My mind still orients my life around a classroom.  When I read anything, watch anything, meander through shops or travel, I am always thinking of applications to the classroom.  "Wouldn't it be cool to  . . .?"  or "Gee, I could do this with the kids . . ."  My body responds physically.  My tone of voice rises, my heart rate accelerates, my eyes must enlarge, and I know I lean forward.  Then, a reality check--Oh . . . I guess I'm not in the classroom any more.  I will have to try these ideas with teachers, and steal the trickle-down effect from conservative economists.

Make no mistake--I do not regret the decision.  I have not questioned the move for even a nanosecond.

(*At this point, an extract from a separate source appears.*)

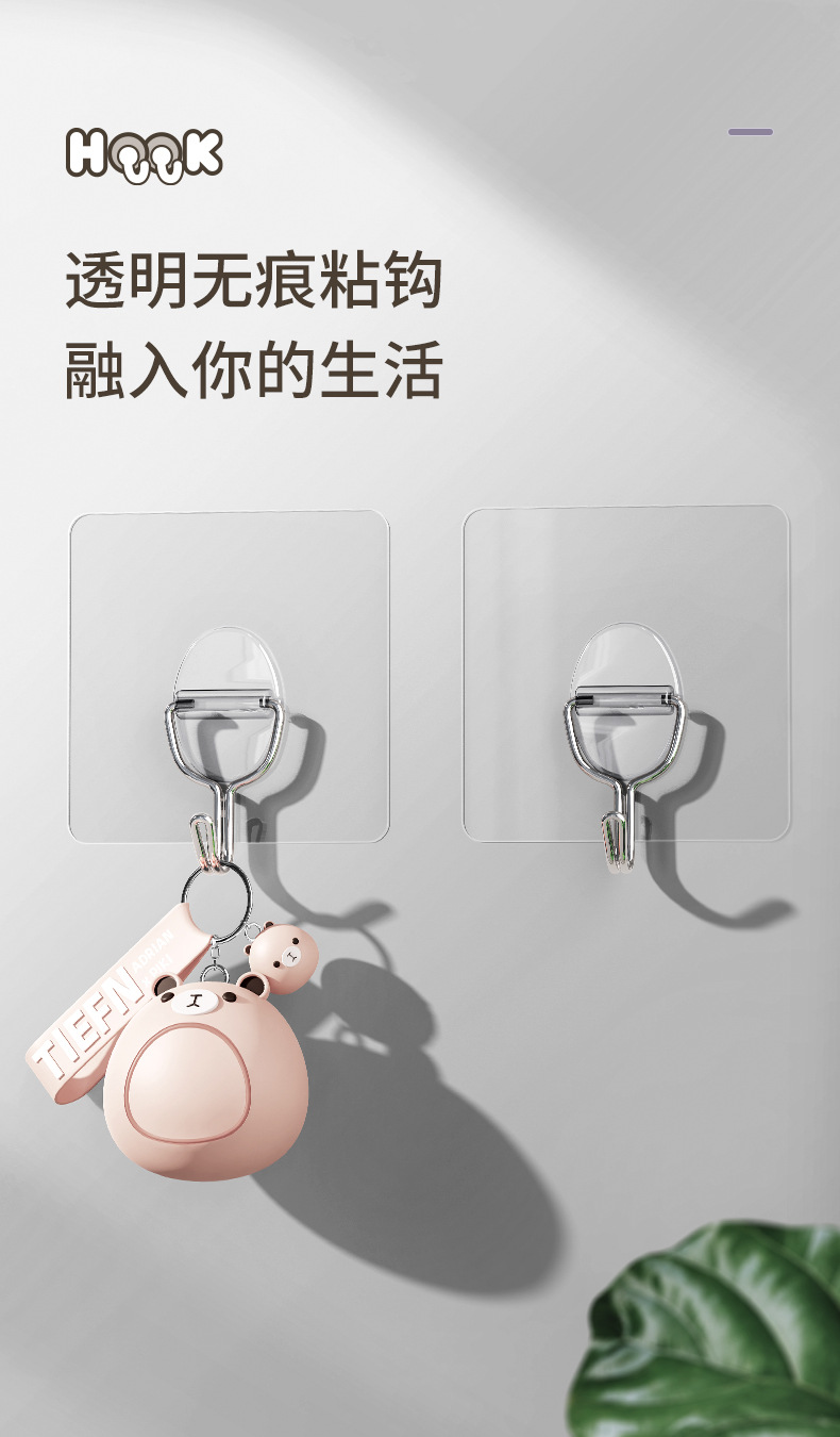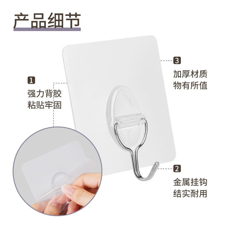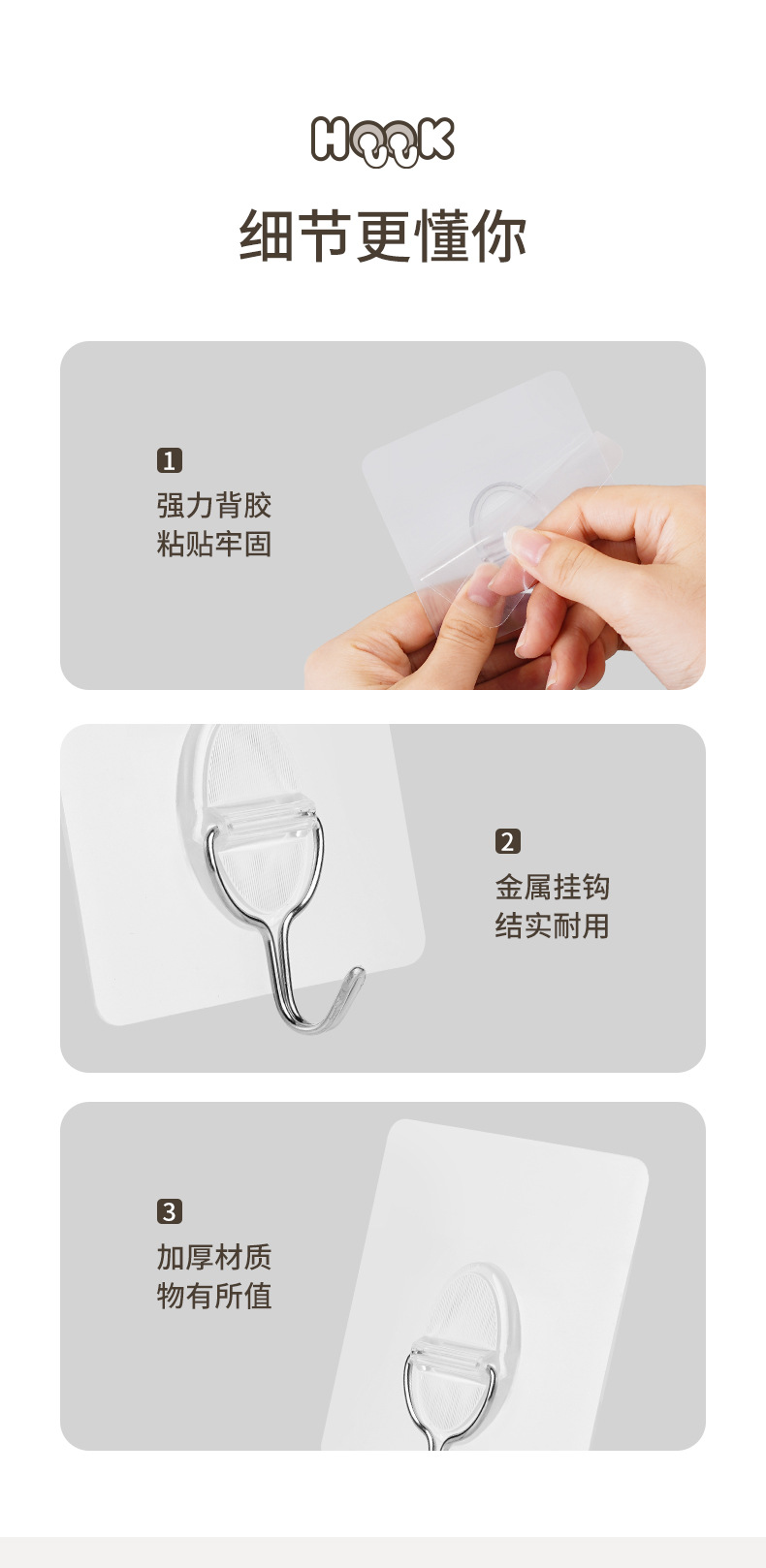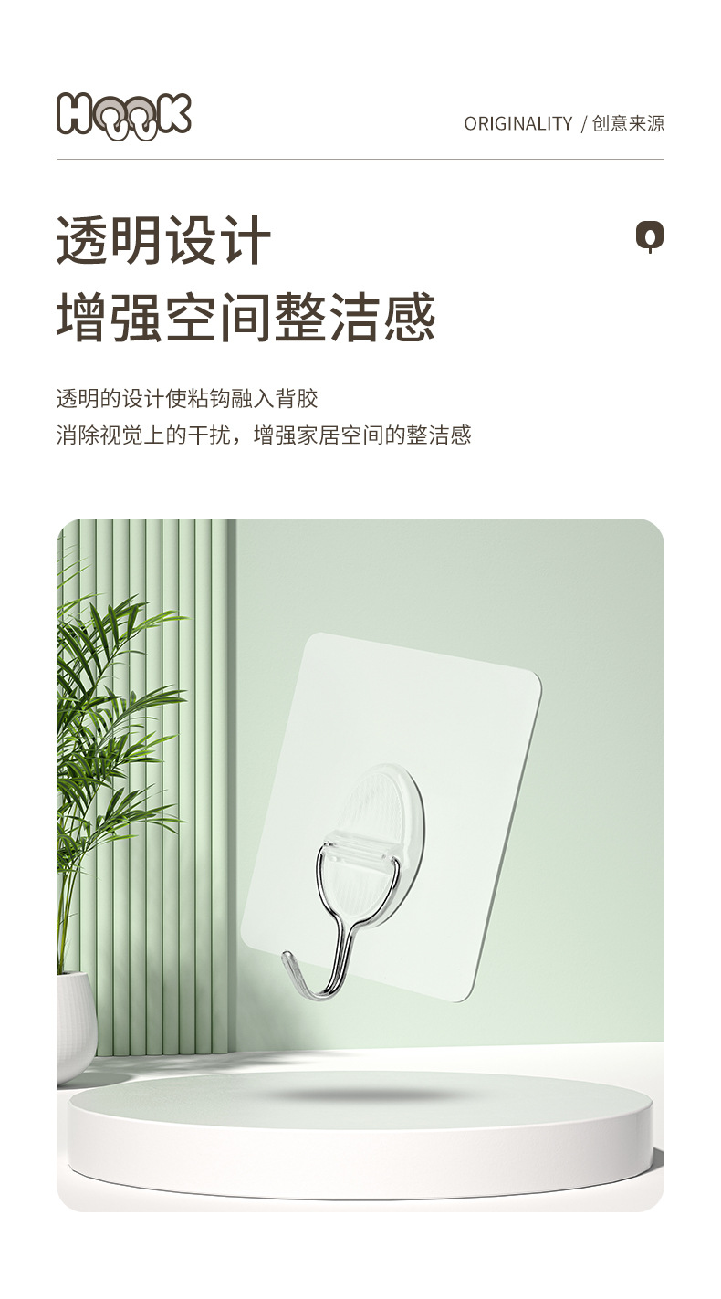 浴室挂钩免打孔透明粘钩 透明无痕强力粘胶挂钩门后超市钩子

I have a life again.  I have bought cookbooks, and I have actually used them.  At this very moment, the tantalizing sweet and sour aroma of pulled pork in the oven has transcended the kitchen into my office on its way to other corners of the house.  I am getting enough sleep.  I have time for people.  We entertain.

In fact, I suspect that this new decade may be the best time of my life.  Certainly, leaving the classroom is the most important change in my life since our first child was born.  So far, I am healthy, reasonably fit, mentally and physically, and excited to be learning so much.

That's who I am.  A teacher.  Always.




Wednesday, January 23, 2013

Jumping In

Hello there.

I've done it.  I've begun a blog.

I might even say I'm proud of myself, venturing forth in this unlimited community.  It's a leap for me--not technology, per se, just the personal communication aspect, especially at my age, 59 and counting.

In fact, ironically, it's the age that has spurred me to begin.  I hope that this blog will be an account of this stage of my life, a chronicle of getting older, and then, later, getting old.  Why does age fascinate me?  I can honestly say, it's not fear; anticipation is probably a better word.

I have a lot of experience with age, and with old age.  I've stared it in the face already.  I've danced with it, admired it, respected it, relied on it, cringed at its surprises and rejoiced in its gifts.  My parents lived with us, with my husband and me and our three children, for eighteen years, until they died, my mother at 92 and my father at 100.  As you can imagine, there are stories, lots of them, to be told over the weeks and months ahead.

For now, for this introductory post, I am focusing on the excitement ahead.  Each decade of my life has been better than the previous one, and I am very curious as to what the new one beginning in July will bring.  My twenties was the decade of initiation; my thirties the decade of children.  I devoted my forties to my career, and my fifties, it seems, have solidified my identity.

Now, what's next?  The journey continues.  Anticipated thanks to anyone who comes along.